Water, Land and Ecosystems
- Formation: 2011
- Parent organization: Consultative Group on International Agricultural Research
- Website: http://wle.cgiar.org/

= Water, Land and Ecosystems =

Research programme

Water, Land and Ecosystems is one of several new research programmes approved by the CGIAR during 2011 after an extensive period of consultation that began in 2009. This research programme will draw on the resources of 14 CGIAR and numerous external partners to provide a more integrated approach to research into managing natural resources. The aim of the research programme is to increase agricultural productivity while protecting the environment, so food security is ensured for most of humanity and that poverty becomes history. The five main strands to the programme are: River basins; Irrigation systems; Information systems; Resource reuse and recovery; and Rainfed agriculture systems.
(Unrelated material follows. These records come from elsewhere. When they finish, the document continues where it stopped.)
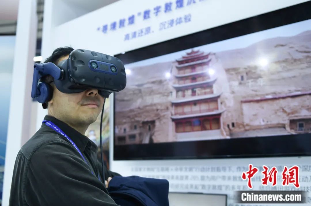 2023年世界互聯(lián)網(wǎng)大會(huì)“互聯(lián)網(wǎng)之光”博覽會(huì)上,一位參觀者使用VR眼鏡體驗(yàn)數(shù)字敦煌。王剛 攝
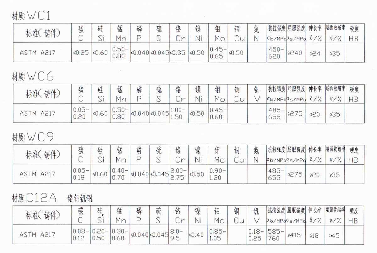 閥門WCB/WCA/WCC/A105材質(zhì)元素表
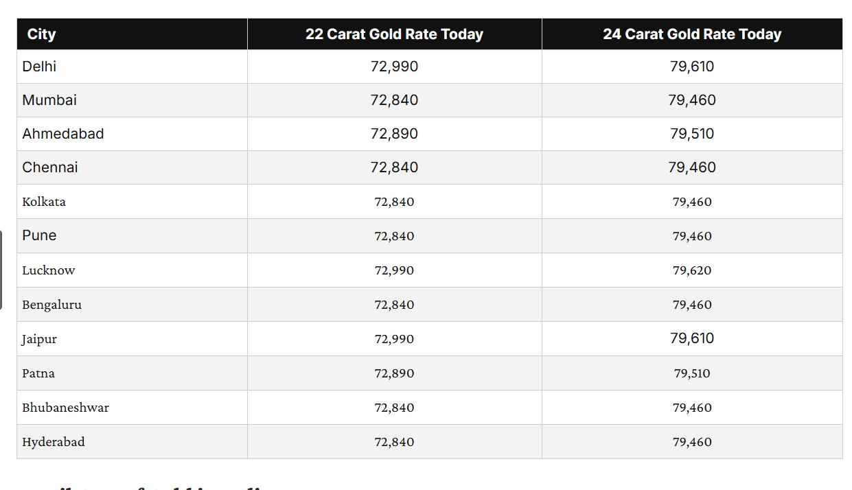 13 दिसंबर, 2024 को विभिन्न शहरों में सोने की कीमतें देखें; (10 रुपये प्रति ग्राम में)
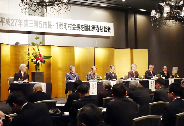 東三河の自治体の首長による新春懇談会(ホテルアークリッシュ豊橋で、新村猛撮影)
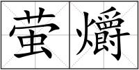 萤 : 萤(螢)yíng〔萤火虫〕昆虫,黄褐色,尾部有发光器。〔萤石〕矿物。具有玻璃光泽,受光或受热?
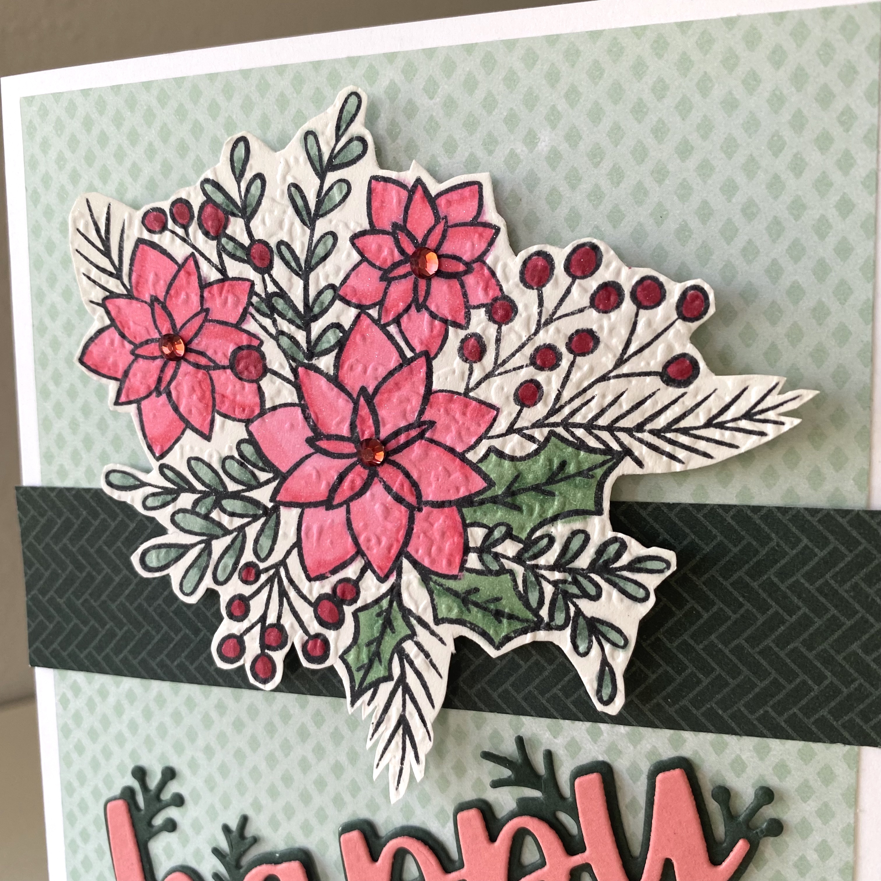 I cut out a Happy die in Flirty Flamingo and a piney background in Evening Evergreen card stock. I used the Holiday Rhinestones to create a little bling accent at the center of each flower. So easy and fun! Lastly, I stamped the HOLIDAY stamp directly onto the front of the card with Evening Evergreen ink.
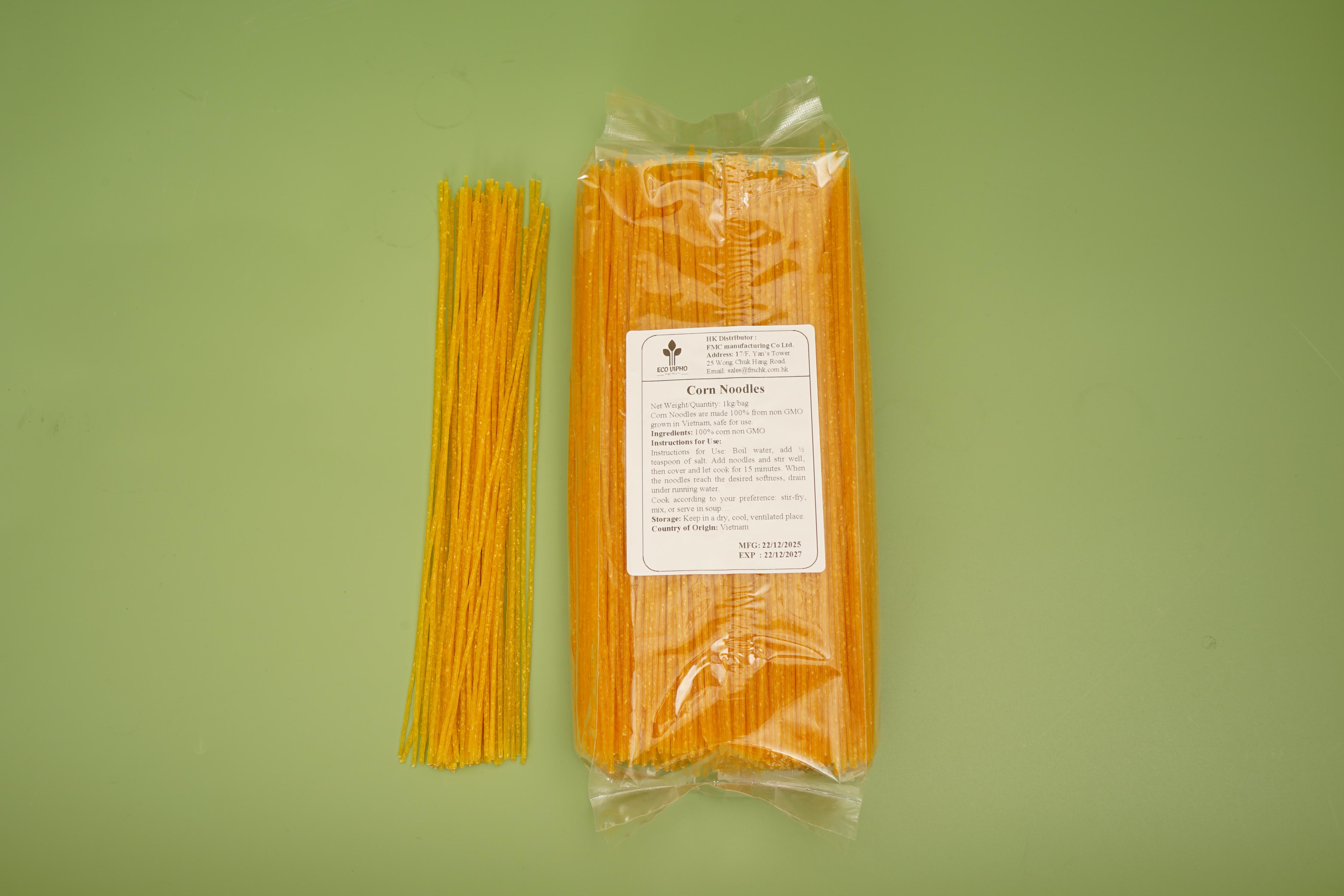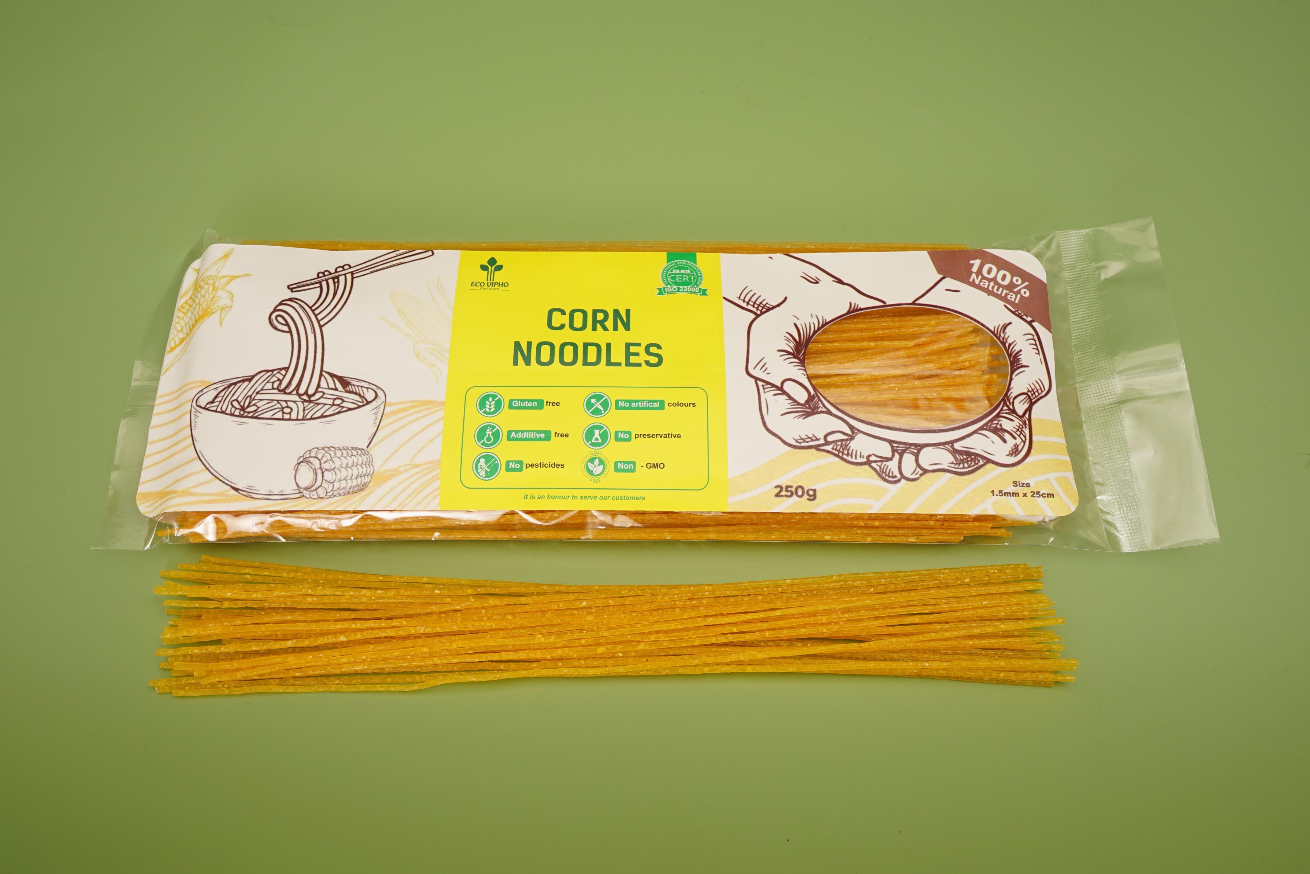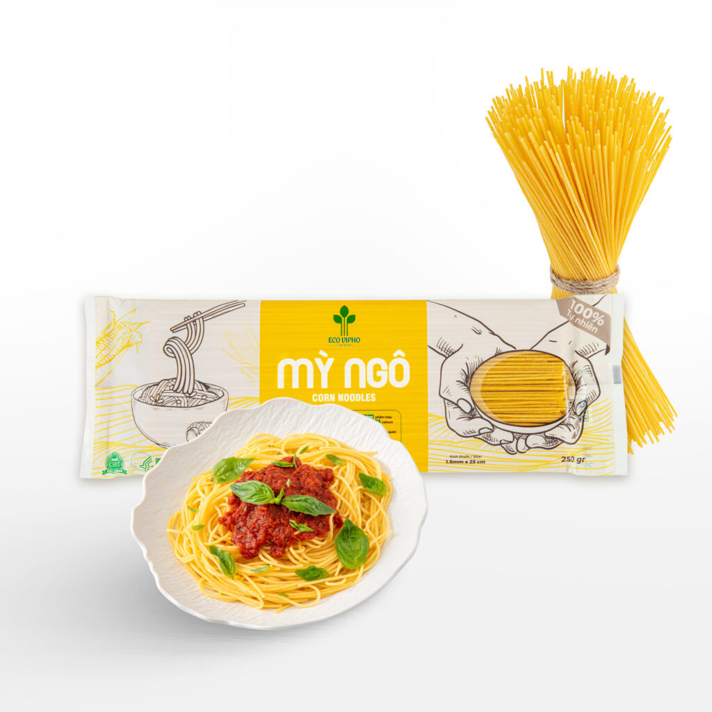 Eco VIPHO Corn Noodles are made from 100% corn grown in Vietnam, non-GMO, rich in fiber and vitamins, with a special sweet aroma from native corn varieties.
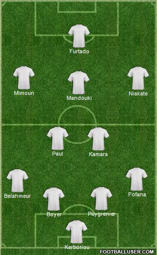 Lejeune, Kerboriou (2e gardien), Furtado, Puygrenier, Boyer, Fofana, Paul, Mandouki, Zéoula, Mimoun, Kamara, Niakaté, Di Bartoloméo, Loriot, Sainte-Luce, Belahmeur ; absents : Buaillon (cuisse), Mbow (genou).
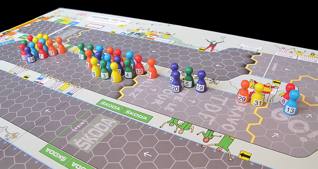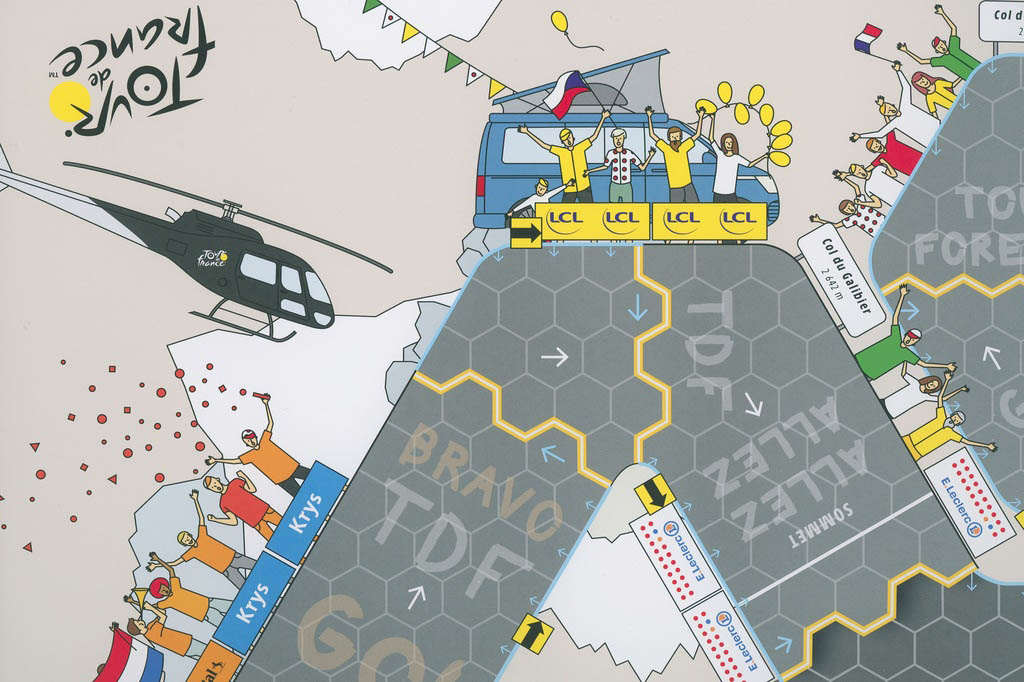 As the name of the game suggests, this game represents a stage race. Inside the box you find two reversible boards that feature four stages of the 2022 Tour de France: the second stage in Denmark, Carcassonne-Foix, the Alpe d'Huez, and the final stage on the Champs Élysées. That is, two flat stages, a hilly stage, and a stage with a mountain finish. They plan to gradually expand the game with additional stages. (Spoiler: the first addition will be 2023's TdF 1st stage in Bilbao). I am told that they also plan to release retro stages from the first editions of the TdF. Of course, at this stage of development of the game, you will have to play each board more than once if you want to play the complete Tour de France.
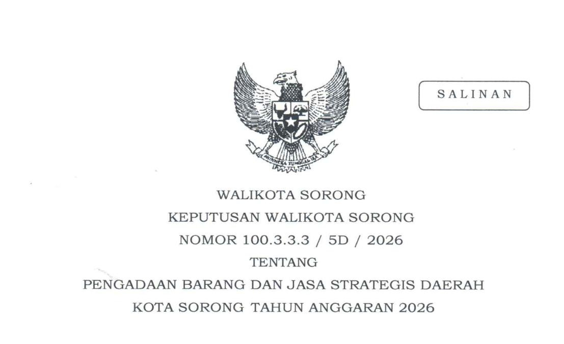 Surat Keputusan Walikota Sorong Nomor: 100.3.3.3/5D/2026 Tentang Pengadaan Barang Jasa Strategis Daerah Kota Sorong Tahun Anggaran 2026 Tanggal 29 Januari 2026.
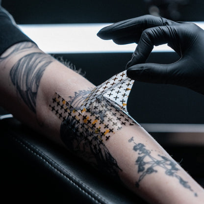 Effortlessly protect your new tattoos with Recovery Derm Shield, a latex-free transparent matte film adhesive bandage. Derm Shield offers maximum breathability and flexibility, providing optimal conditions for flawless, gentle healing and skin renewal. It eliminates scabbing and reduces the risk of scarring, while preventing exposure to bacteria, dirt, and abrasion. Derm Shield is waterproof, but permeable to allow skin perspiration, and it is durable enough to keep up with your everyday activities with a peace of mind and body. Preserving tattoo vibrancy, our Derm Shield allows your skin to breathe and heal the right way.
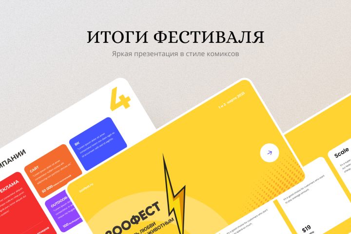 Создание презентации для ежегодного фестиваля ЗООФЕСТ — праздника любви к домашним животным. Презентация подводит итоги PR-кампании и используется как отчет для партнёров и спонсоров.
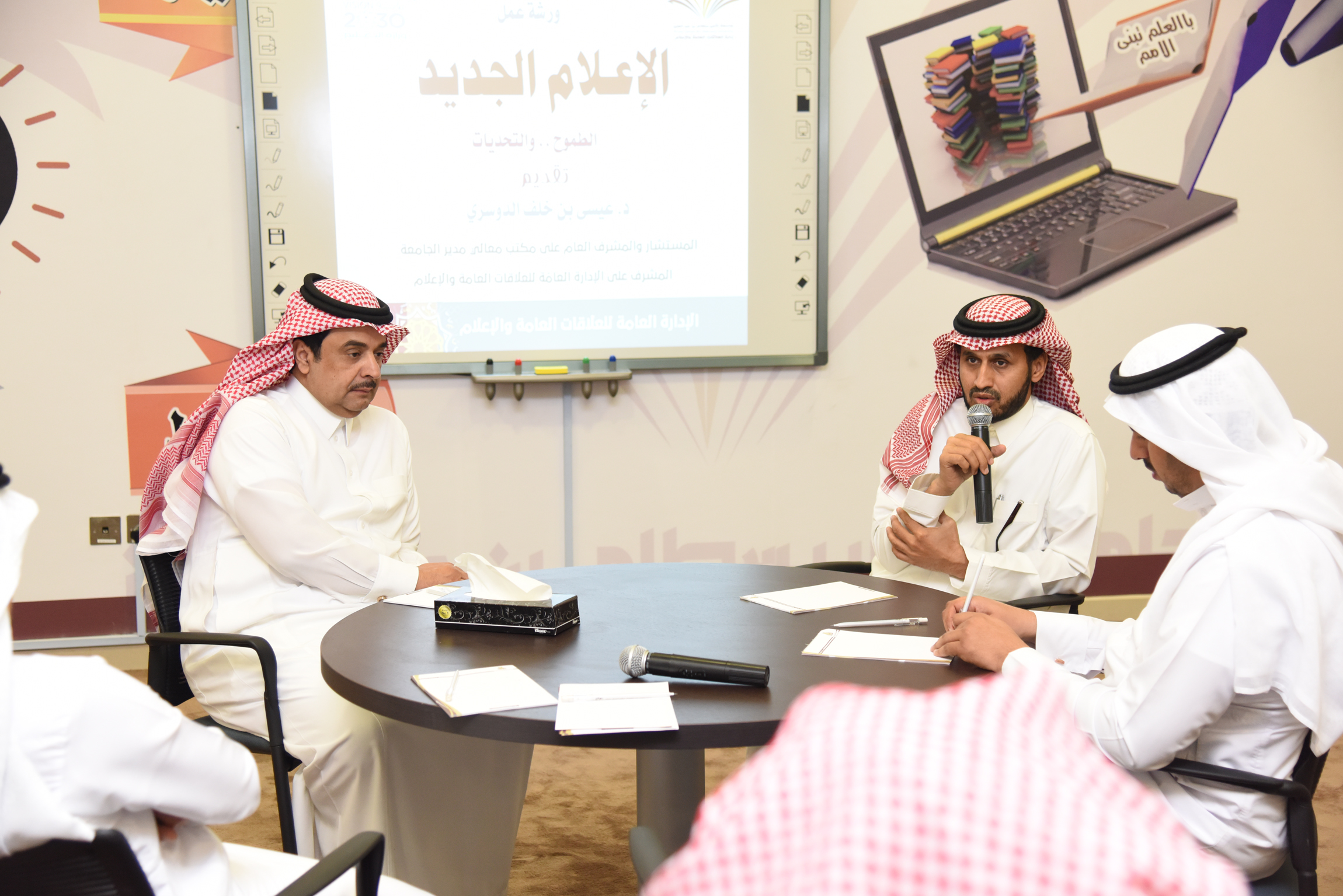 نظمت كليات جامعة الأمير سطام بن عبدالعزيز في الأفلاج، ورشة عمل عن "الإعلام الجديد بين الطموح والتحديات" استهدفت فيها عددًا من الإعلاميين والمهتمين بالإعلام بالمحافظة .
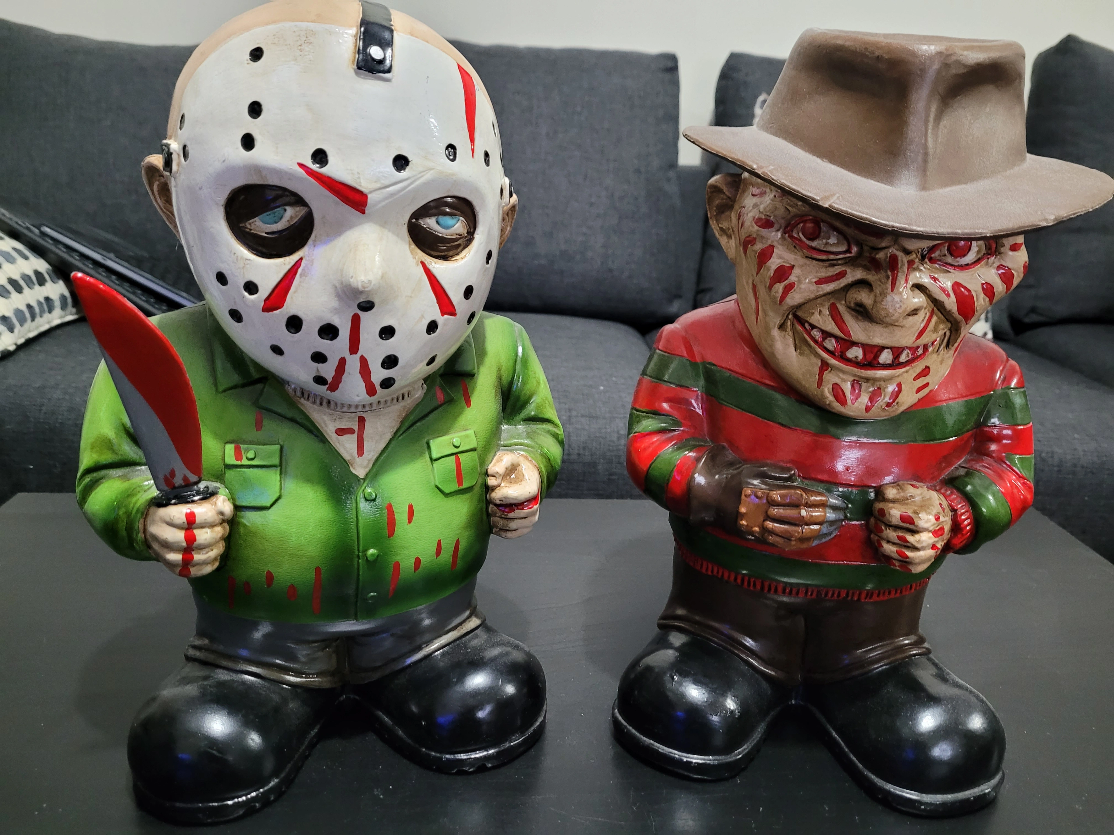 Morbid Enterprises wants to make sure that your little home garden is safe and sound from all sorts of meddling little critters. So, what better way to scare them off than have them face-to-face with Freddy Krueger and Jason Voorhees lawn gnomes!
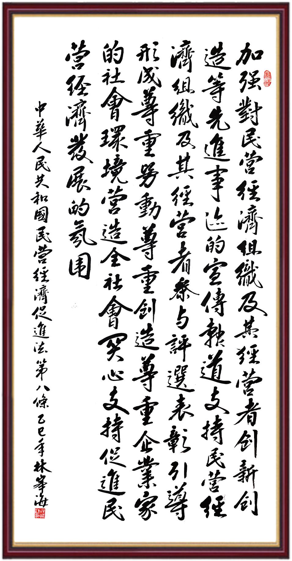《中華人民共和國民營經(jīng)濟(jì)促進(jìn)法》自今年5月20日起施行。作為我國首部專門關(guān)于民營經(jīng)濟(jì)發(fā)展的基礎(chǔ)性法律,民營經(jīng)濟(jì)促進(jìn)法將支持和保障民營經(jīng)濟(jì)發(fā)展的法律制度融入中國特色社會(huì)主義法律體系,具有重大的法治意義,為促進(jìn)民營經(jīng)濟(jì)持續(xù)、健康、高質(zhì)量發(fā)展提供了堅(jiān)實(shí)的法治保障。為更好地學(xué)習(xí)、宣傳、貫徹這部法律,法治日?qǐng)?bào)社聯(lián)合司法部普法與依法治理局,開展“‘書·法’系列活動(dòng)之書寫《中華人民共和國民營經(jīng)濟(jì)促進(jìn)法》”活動(dòng)。

A report released by UNEP and the International Water Management Institute (IWMI – which comes under the CGIAR umbrella and will be a major contributor to the new research programme), exemplifies the concept of conducting agriculture within healthy ecosystems. Current farming methods have resulted in over-stretched water resources, high levels of erosion and reduced soil fertility. According to the report, there is not enough water to continue farming using current practices; therefore how we use critical water, land, and ecosystem resources to boost crop yields must be reconsidered. The report suggested that we need to assign value to ecosystems, recognize environmental and livelihood tradeoffs, and balance the rights of a variety of users and interests. We would also need to address inequities that result when such measures are adopted, such as the reallocation of water from poor to rich, the clearing of land to make way for more productive farmland, or the preservation of a wetland system that limits fishing rights.